Paper presented at the Kuwait Oil & Gas Show, Kuwait City, Kuwait, February 2026.
Paper Number: SPE-230861-MS.
Preventing stuck pipe incidents during well construction depends on accurately identifying their underlying causes. The conventional method for identifying the root cause of stuck pipe incidents relies on a worksheet completed manually by the rig crew, based on their assessment of restrictions in pipe axial movement, rotation, and circulation before and after the pipe becomes stuck. This manual process is error-prone, can lead to delays, and may hinder effective recovery. The goal of this paper is to automate the diagnosis of stuck pipe root causes using a machine learning model.
The approach begins by analyzing hook load and surface torque signatures to detect time periods with elevated stuck pipe risk. When the risk exceeds a pre-defined threshold, data from the preceding hours/days are evaluated in real time to quantify the frequency and severity of events such as pack-offs, tight spots, and high breakover torque and drag. This analysis is integrated with pattern recognition of pipe axial movement, rotation, and circulation restrictions / actions, both before and after the high-risk event, using a Bayesian network to enable a more accurate determination of the root cause.

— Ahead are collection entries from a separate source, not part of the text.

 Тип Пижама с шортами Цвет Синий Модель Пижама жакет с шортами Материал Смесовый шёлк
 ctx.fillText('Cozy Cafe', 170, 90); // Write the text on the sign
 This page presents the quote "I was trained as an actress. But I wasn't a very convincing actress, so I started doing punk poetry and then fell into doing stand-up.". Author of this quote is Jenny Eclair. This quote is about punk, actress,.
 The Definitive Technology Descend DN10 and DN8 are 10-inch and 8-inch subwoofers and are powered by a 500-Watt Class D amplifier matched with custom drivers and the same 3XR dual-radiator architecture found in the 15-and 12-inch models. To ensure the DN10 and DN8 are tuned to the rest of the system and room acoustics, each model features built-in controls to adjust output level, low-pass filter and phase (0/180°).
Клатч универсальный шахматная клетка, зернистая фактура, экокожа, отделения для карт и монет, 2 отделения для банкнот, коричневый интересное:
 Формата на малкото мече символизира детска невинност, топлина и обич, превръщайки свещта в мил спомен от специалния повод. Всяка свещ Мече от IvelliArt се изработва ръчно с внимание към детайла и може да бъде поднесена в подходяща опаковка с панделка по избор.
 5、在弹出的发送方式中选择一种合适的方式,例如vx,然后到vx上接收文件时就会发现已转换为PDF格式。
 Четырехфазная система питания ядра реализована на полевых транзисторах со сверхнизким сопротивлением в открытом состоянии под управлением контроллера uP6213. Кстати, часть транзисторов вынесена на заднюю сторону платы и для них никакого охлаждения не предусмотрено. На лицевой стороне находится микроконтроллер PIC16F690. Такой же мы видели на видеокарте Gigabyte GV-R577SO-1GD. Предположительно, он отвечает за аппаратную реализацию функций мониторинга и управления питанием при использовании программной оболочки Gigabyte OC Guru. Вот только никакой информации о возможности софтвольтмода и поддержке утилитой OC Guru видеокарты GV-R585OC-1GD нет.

The algorithm was validated using datasets from over hundreds of stuck pipe incidents across a wide range of geographical locations, including both offshore and land drilling operations. It accurately identified the root cause, whether due to pack-off/bridging, differential sticking, or wellbore geometry, in over 95% of the cases. The use of a Bayesian network improves the model’s explainability, fostering greater user trust and adoption. Additionally, Bayesian networks offer the flexibility to incorporate uncertainty, leverage prior knowledge, and support the integration of new features over time.

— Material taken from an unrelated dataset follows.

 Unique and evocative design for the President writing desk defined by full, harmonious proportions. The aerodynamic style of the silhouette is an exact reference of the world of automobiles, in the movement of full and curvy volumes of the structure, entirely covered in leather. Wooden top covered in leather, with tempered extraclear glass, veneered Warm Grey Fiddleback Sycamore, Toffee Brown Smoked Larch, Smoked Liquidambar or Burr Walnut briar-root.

The algorithm has been integrated into a real-time advisory system and successfully deployed at the rig site, on over 50 rigs, enabling timely corrective actions to prevent stuck pipe incidents. In several cases, the algorithm alerted a high stuck pipe risk more than 12 hours in advance of the stuck pipe event, allowing for proactive measures to avoid it altogether. To support recovery efforts, process charts were also provided to the rig crew, guiding response actions based on the root cause diagnosis provided by the advisory system.